Archive for June, 2017

Nature — at Arm’s Length

Here are two of my favorite paintings, from the permanent collection of the Met in NYC. I could sit in front of them for hours, and I have come close to doing that. They’re representative of countless other landscape paintings that I love, like those of Millet, Corot, Church, and Pissarro.

What’s so strange about that? Most of us relish the moments of meditation and pleasure we get from works of art. What I can’t figure out is this — if I were actually standing in one of these landscapes, I’d be freaking out. So why do I love them?

In Cezanne’s “Mont Sainte-Victoire and the Viaduct of the Arc River Valley” there’s grass everywhere, plants all around. I’m allergic to grass and I don’t like plants. Though I can’t see them, I’ll bet there are bugs everywhere, too. I doubt that there’s a coffee shop or a bookstore, or even a gas station within cell phone range. I doubt that AAA would be able to find me in case of a problem, and the nearest hospital — who knows how far away that is? I’d be hyperventilating after one minute.

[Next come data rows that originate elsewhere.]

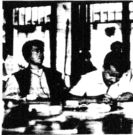
The world-known Rock singer and composer Peter Gabriel (left), during his visit to the University for Peace.

The objectives of the Music for Peace Program is to establish a Global Computer Network which will serve the world in its struggle for peace in a very large diversity of ways. Many of the most distinguished thinkers and institutions of our times will be logged into the network, in order to conform them into international advisory boards on the main issues affecting world peace. We will establish a data bank and an advisory team to deal with issues such as social communication, refugees, human rights, conflict resolution, international economic order, etc., and how they affect or relate to peace.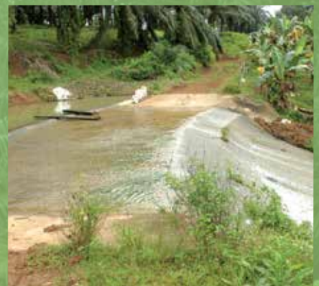
Rainwater is channelled into drainage ditches to preserve water for irrigation.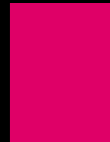
Hot Pink 215C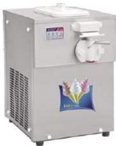
Ice Cream Machine

Model: HIM-01 Dimension: 570x740x750mm Volts: 220-240V/50-60Hz Power: 0.9KW Output: 8-11Kg/Hour(13-18L) Refrigerant: R22/R404A N/W: 59Kg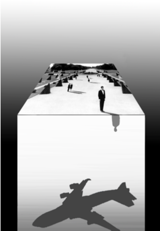
18. Introduction to Digital Media Portrait with Scanned Negatives, 12" X 18"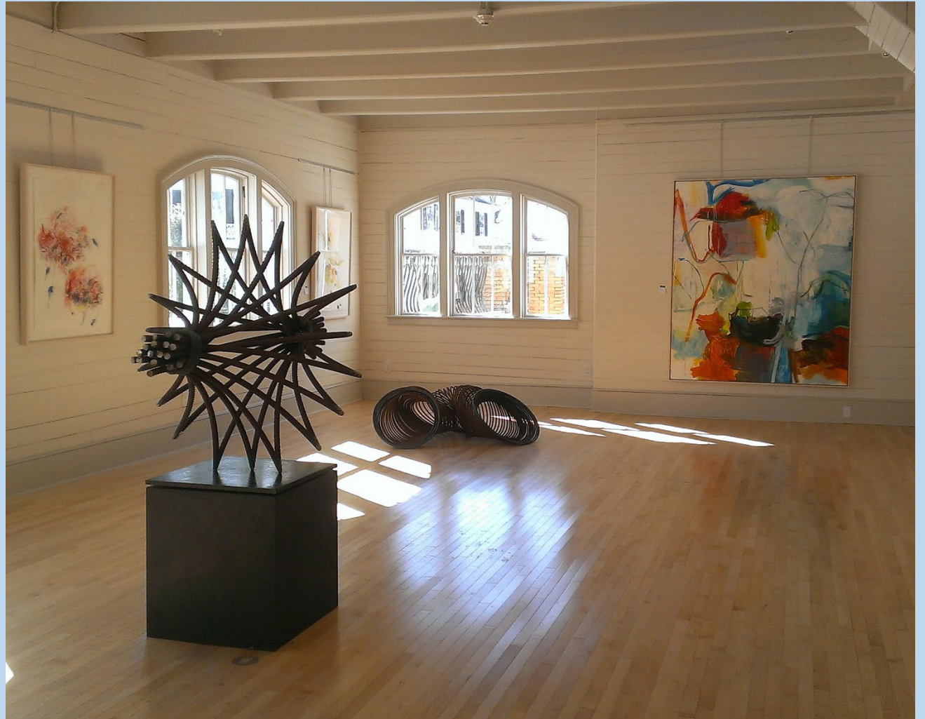
Bristol Art Museum

What do the final reports tell us so far?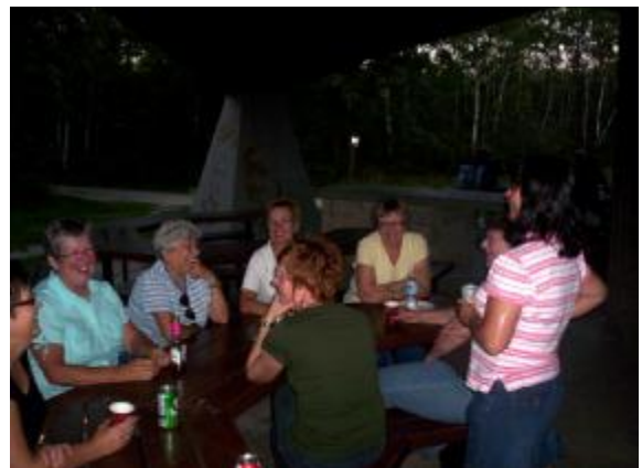
A meeting of the minds.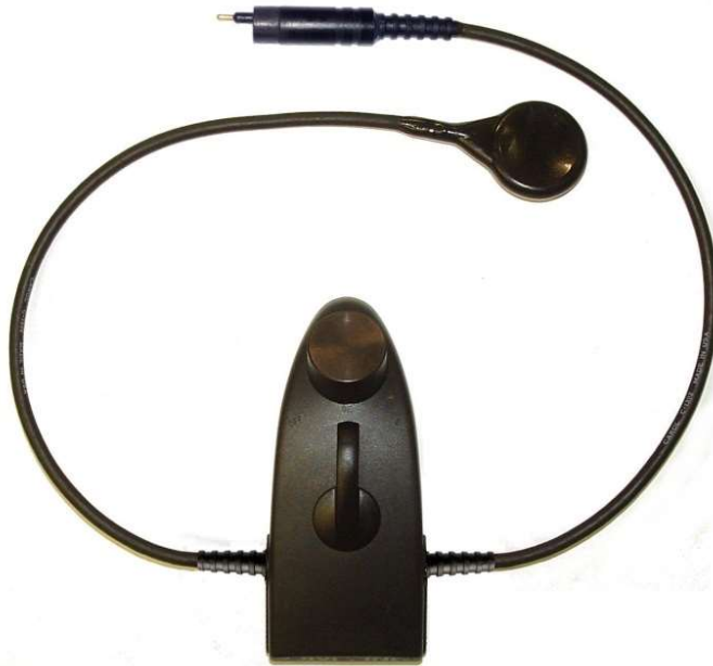
Head Mount Communicator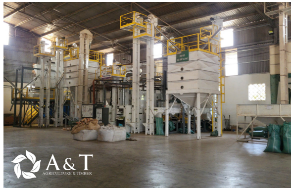
*Our partner's coffee factory is inspected by us every month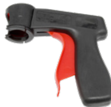
Molytec Aerosol Trigger

Molytec Aerosol Trigger enables more control for a smooth, professional finish. Includes a 4-finger trigger to minimise fatigue. Features include: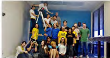
August 16, 2014 @ CARP Las Vegas Learning Center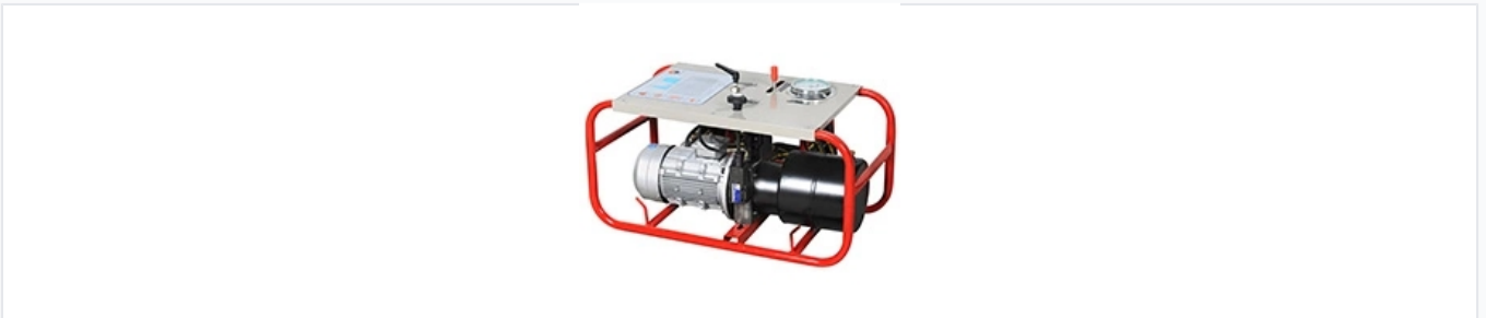
Complete hydraulic butt fusion system including frame, power unit, and control panel.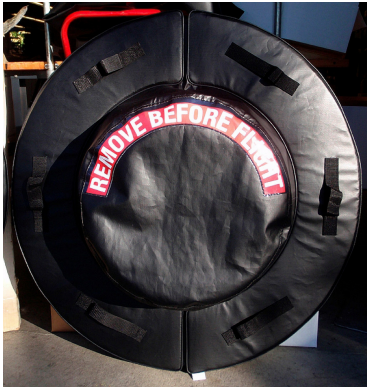
A-10 Exhaust Plug/Cover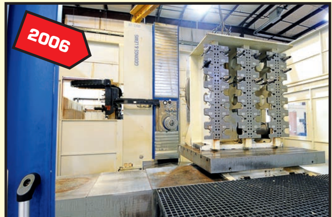
GIDDING & LEWIS MDL. RT1250 6-AXIS CNC HORIZ. BORING MILL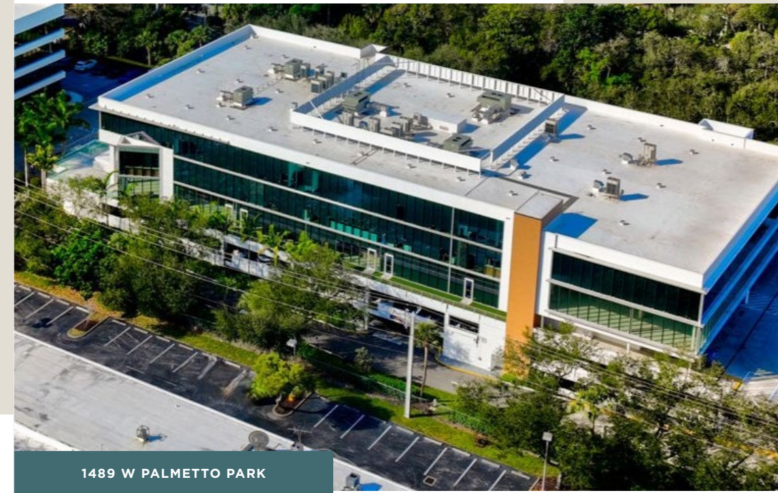
1489 W PALMETTO PARK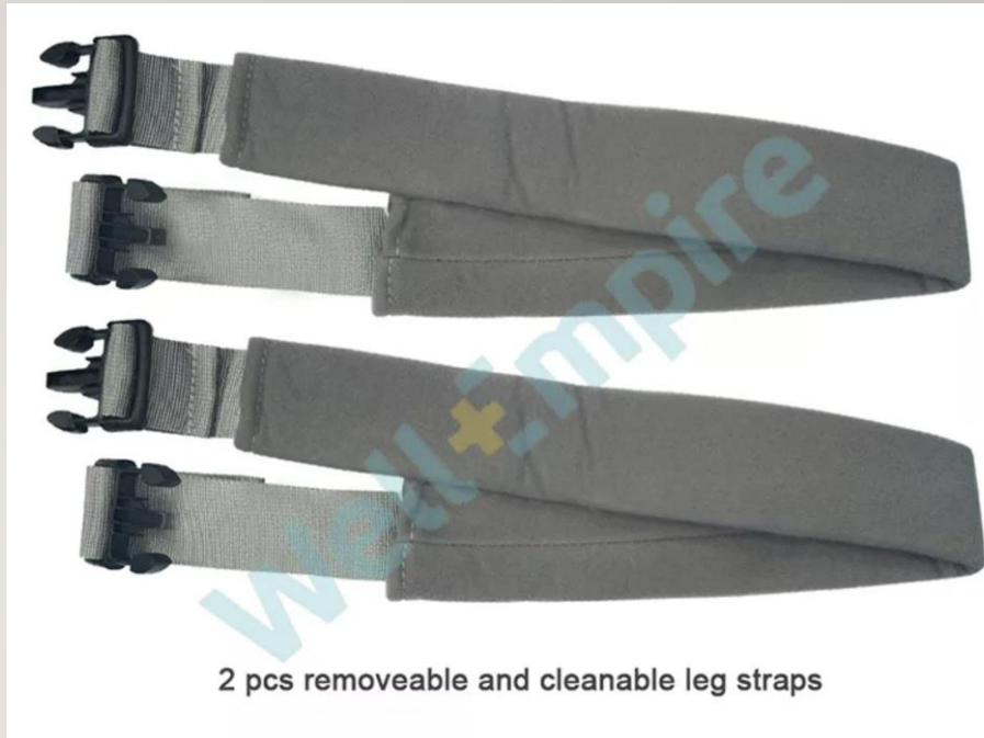
2 pcs removeable and cleanable leg straps

Bierstadt’s “The Rocky Mountains, Lander’s Peak” is even worse. The sun is strong. I don’t like sun, in general. And there are animals. Eeek! I’m afraid of one half of the animal kingdom and allergic to the other half. Besides, they tend to add organic matter and odors to an open area like this meadow (valley? grassy knoll?), both of which I would find unpleasant if I were to stand at the focal point of this painting. I’m cringing at the thought of what would be on the soles of my shoes. And still no Starbucks or even a family-owned bistro. Nor a convenience store to buy bathroom tissue — oh, right, there’s no bathroom.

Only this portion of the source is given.